Vision problems about infants and children
An explanation of congenital vision problems in premature infants
Statistics show that premature infants are more susceptible to organ damage including some eye problems. One possible reason is that people’s visual system starts to develop while they are still in the womb. A mother’s ten month of pregnancy is critical for infant’s well being in the long run. The full development of visual ability also relies greatly on this period.
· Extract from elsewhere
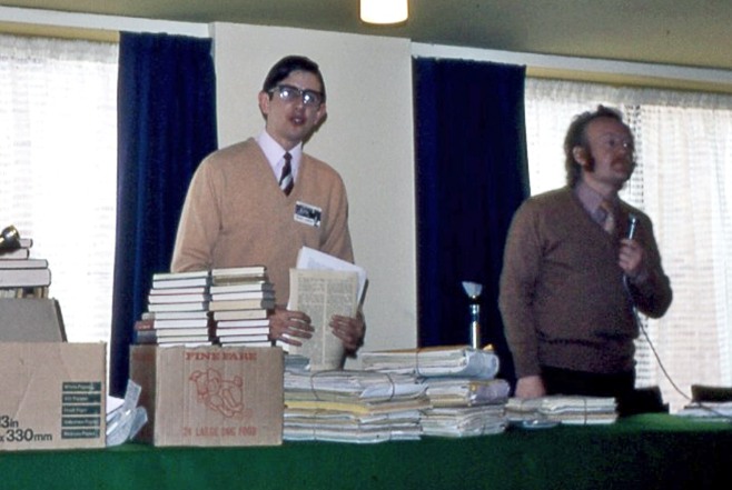 (("Fanzines Past and Present", was a fascinating snapshot of a specific moment in time when what we now think of when we recall 1970s fandom was just starting to emerge. This was followed immediately by the auction....)) ROJE GILBERT: The auction was a tragedy. Many good items went very cheaply. I wonder if fans have so much money these days? I bid 20p for "The Worlds of Robert F. Young" and no-one even spoke. I considered this a fairly worthy item when I first read it, and to pick up an SFBC edition in very good nick, just sans dust-cover, seemed robbery.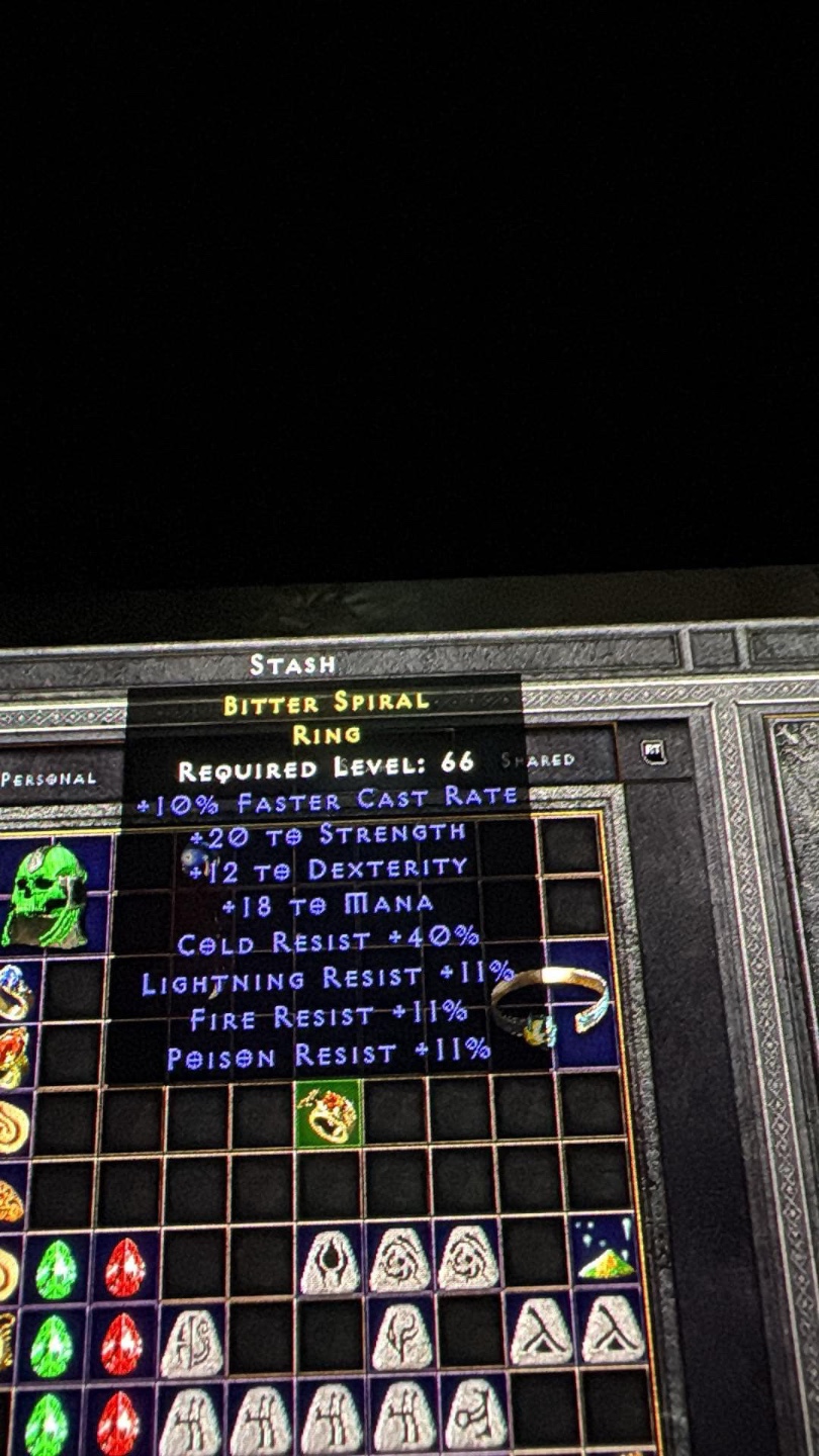10fcr, 20str,12dex,18mana,cold resist 40,lightning resist 11, fire resist 11,poison resist 11

It is quite understandable that premature infants are at higher risks of developing congenital visual problems.
A new good method to detect congenital ROP
For example, an eyesight-threatening eye disease named retinopathy of prematurity (ROP) occurs in one third of premature infants. Good news is that there is now a new method for detecting this disease. Researchers in Sweden have developed a model named WINROP, which is used to measure infants’ weight and analyze their IGF-1 levels in blood. IGF-1 is linked to both ROP and infant weight gain. The model has been reported to determine an infant’s risk of suffering ROP by tracing its weight gain process. This determination can be achieved at a time earlier than an assessment from an ophthalmologist and certain eye exams can also be eliminated.
Pirenzepine gel administration slows down kids’ myopia progression
At the American Academy of Ophthalmology annual meeting in 2008, some experts presented that pirenzepine gel administration twice daily can slow down the progression of myopia in children. This encouraging result was based on a two-year follow-up of 84 children aging from 8 to 12. Those children with pirenzepine treatments had shown much slower myopia progression. However, these drugs still need further FDA clinical trials, which could cost nearly $50 million.
Children need eye exams and sunglasses
Eye exams are essential for children in detecting vision-threatening conditions such as amblyopia. Nevertheless, a survey including 3,930 US citizens conducted by VSP Vision Care has pointed out that about 76% of children under 5 years old have never received a comprehensive eye exam. In addition, the survey has also found a worrying problem about sunglass use in children. Only 30% of children wear sunglasses outdoors, compared to 68% of adults. This is a concerning issue because most adults are neglecting their kids’ need for sunglasses.